Close to closing the hull . . . .

Here I am adding the last strips to close the hull

Here I am adding the last strips to close the hull

With the stripping complete and having sanded the hull, it’s about time for fiberglass and epoxy.

The wood strip part is complete

The wood strip part is complete

Many people don’t realize that boats like this are wrapped in fiberglass and epoxy, for strength. The fiberglass cloth is white, but when the epoxy is added it becomes transparent. Pretty cool stuff.

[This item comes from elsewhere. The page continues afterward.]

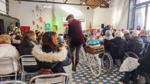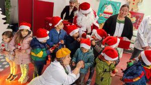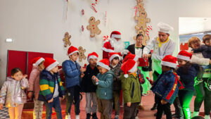 Ontem e hoje de manhã, o 𝗠𝗲𝗿𝗰𝗮𝗱𝗼 𝗱𝗲 𝗡𝗮𝘁𝗮𝗹 voltou a abrir portas e a acolher cerca de 𝟯𝟲𝟬 𝗮𝗹𝘂𝗻𝗼𝘀 𝗱𝗼 𝗝𝗮𝗿𝗱𝗶𝗺 𝗱𝗲 𝗜𝗻𝗳𝗮̂𝗻𝗰𝗶𝗮 𝗱𝗲 𝗡𝗲𝗹𝗮𝘀, 𝘁𝘂𝗿𝗺𝗮𝘀 𝗱𝗼 𝟭º, 𝟮º 𝗲 𝟯º 𝗮𝗻𝗼𝘀 𝗱𝗼 𝗖𝗲𝗻𝘁𝗿𝗼 𝗘𝘀𝗰𝗼𝗹𝗮𝗿 𝗱𝗲 𝗡𝗲𝗹𝗮𝘀, 𝗝𝗮𝗿𝗱𝗶𝗺 𝗱𝗲 𝗜𝗻𝗳𝗮̂𝗻𝗰𝗶𝗮 𝗱𝗲 𝗦𝗮𝗻𝘁𝗮𝗿, 1º e 2º anos da EB da Feira de Canas de Senhorim, , 2º e 3º e º ano do Fojo de Canas de Senhorim, e 𝟳𝟱 𝘂𝘁𝗲𝗻𝘁𝗲𝘀 do Centro S. Paroquial Canas, Fundação Lopes da Fonseca da Lapa do Lobo, e Chão do Grou que num ambiente de emoção, alegria e boa disposição, assistiram ao divertido espetáculo “𝗢𝘀 𝗜𝗻𝗴𝗿𝗲𝗱𝗶𝗲𝗻𝘁𝗲𝘀 𝗦𝗲𝗰𝗿𝗲𝘁𝗼𝘀!”, preparado e encenado pela Equipa de Animadores do Município de Nelas. Registaram-se momentos de proximidade que promoveram a criação de laços de afetividade e partilha intergeracional entre Escolas, Lares e Instituições Particulares de Solidariedade Social (IPSS) do Concelho. E para tornar esta visita ainda mais especial, foram ainda distribuídos Pais Natal de chocolate aos alunos e um docinho especial aos utentes das IPSS.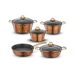 Brioni Copper 9 Parça Yanmaz Yapışmaz Bakır Görünümlü Granit Tencere Seti Bakır

Here the entire boat is covered in a white fiberglass cloth. The left half has the epoxy added

Here the entire boat is covered in a white fiberglass cloth. The left half has the epoxy added

Adding the gunwales required some steam bending, scarf joints and lots and lots of clamps. I used all of my clamps, regardless of type, and borrowed even more.

Clamping one of the gunwales

Clamping one of the gunwales

Here we are prior to final finishing . . . .

Just before final finishing

Just before final finishing

And the following are the finished product. I began in February and ended in early July of 2010, though I did take vacation for two weeks along the way, plus my second son graduated high school that year and we were busy with that as well. I’m really happy with the result.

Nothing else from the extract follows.